[Opening INPUT FOR THIS TASK section]

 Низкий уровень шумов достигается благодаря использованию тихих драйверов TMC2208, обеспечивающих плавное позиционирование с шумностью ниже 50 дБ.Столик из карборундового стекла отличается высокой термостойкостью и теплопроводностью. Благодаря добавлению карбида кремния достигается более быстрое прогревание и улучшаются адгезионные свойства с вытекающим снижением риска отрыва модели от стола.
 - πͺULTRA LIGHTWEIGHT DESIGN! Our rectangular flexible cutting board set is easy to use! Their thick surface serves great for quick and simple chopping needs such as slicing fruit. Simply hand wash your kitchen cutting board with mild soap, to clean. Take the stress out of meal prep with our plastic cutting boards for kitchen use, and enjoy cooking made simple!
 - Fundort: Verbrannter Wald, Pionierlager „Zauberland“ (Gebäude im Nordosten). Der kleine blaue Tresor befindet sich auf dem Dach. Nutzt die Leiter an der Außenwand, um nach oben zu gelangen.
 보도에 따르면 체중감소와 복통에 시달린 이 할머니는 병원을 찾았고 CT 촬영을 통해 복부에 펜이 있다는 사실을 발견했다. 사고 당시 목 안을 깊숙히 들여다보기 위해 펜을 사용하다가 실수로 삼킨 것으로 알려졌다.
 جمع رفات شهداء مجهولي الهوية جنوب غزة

[Closing INPUT FOR THIS TASK section]
[Opening INPUT FOR THIS TASK section]

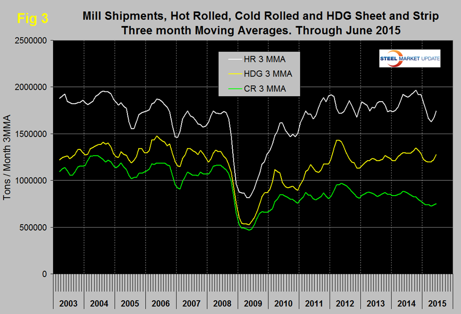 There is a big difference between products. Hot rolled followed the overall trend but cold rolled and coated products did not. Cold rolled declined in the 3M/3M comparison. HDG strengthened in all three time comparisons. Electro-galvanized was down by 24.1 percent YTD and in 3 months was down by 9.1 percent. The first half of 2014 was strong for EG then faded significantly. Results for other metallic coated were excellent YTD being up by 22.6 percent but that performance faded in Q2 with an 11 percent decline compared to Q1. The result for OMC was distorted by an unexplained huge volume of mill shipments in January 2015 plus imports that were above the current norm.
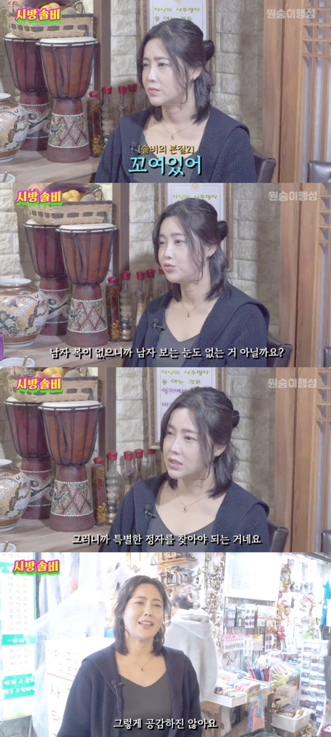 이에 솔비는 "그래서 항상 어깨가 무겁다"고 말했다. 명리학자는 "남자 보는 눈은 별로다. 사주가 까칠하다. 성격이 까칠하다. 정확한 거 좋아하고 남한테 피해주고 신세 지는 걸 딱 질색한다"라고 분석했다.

[Closing INPUT FOR THIS TASK section]
[Opening INPUT FOR THIS TASK section]

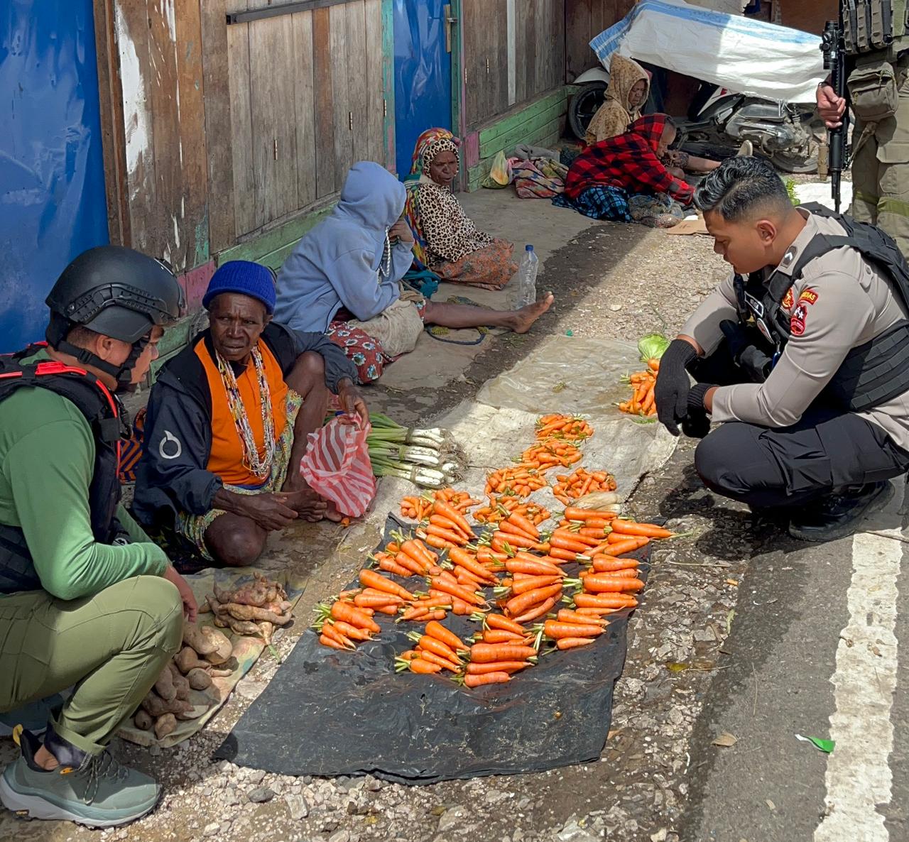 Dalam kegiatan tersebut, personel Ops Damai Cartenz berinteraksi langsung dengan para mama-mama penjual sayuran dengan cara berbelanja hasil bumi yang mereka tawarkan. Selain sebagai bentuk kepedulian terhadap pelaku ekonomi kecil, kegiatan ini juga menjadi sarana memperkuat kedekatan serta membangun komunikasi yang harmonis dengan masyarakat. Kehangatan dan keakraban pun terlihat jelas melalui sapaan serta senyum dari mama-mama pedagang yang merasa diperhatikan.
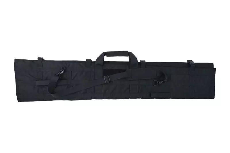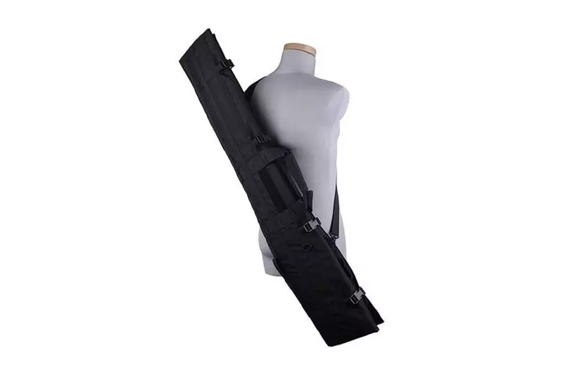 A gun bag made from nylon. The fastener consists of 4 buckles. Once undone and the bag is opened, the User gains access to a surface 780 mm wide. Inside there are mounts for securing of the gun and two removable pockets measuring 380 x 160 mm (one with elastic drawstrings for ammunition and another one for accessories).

[Closing INPUT FOR THIS TASK section]

WHAT TO WORK ON: Look above for the line containing "보도에 따르면 체중감소와". Output from there through the line containing "جمع رفات شهداء مجهولي الهوية جنوب غزة", exactly and inclusively.

THE ANSWER:
 보도에 따르면 체중감소와 복통에 시달린 이 할머니는 병원을 찾았고 CT 촬영을 통해 복부에 펜이 있다는 사실을 발견했다. 사고 당시 목 안을 깊숙히 들여다보기 위해 펜을 사용하다가 실수로 삼킨 것으로 알려졌다.
 جمع رفات شهداء مجهولي الهوية جنوب غزة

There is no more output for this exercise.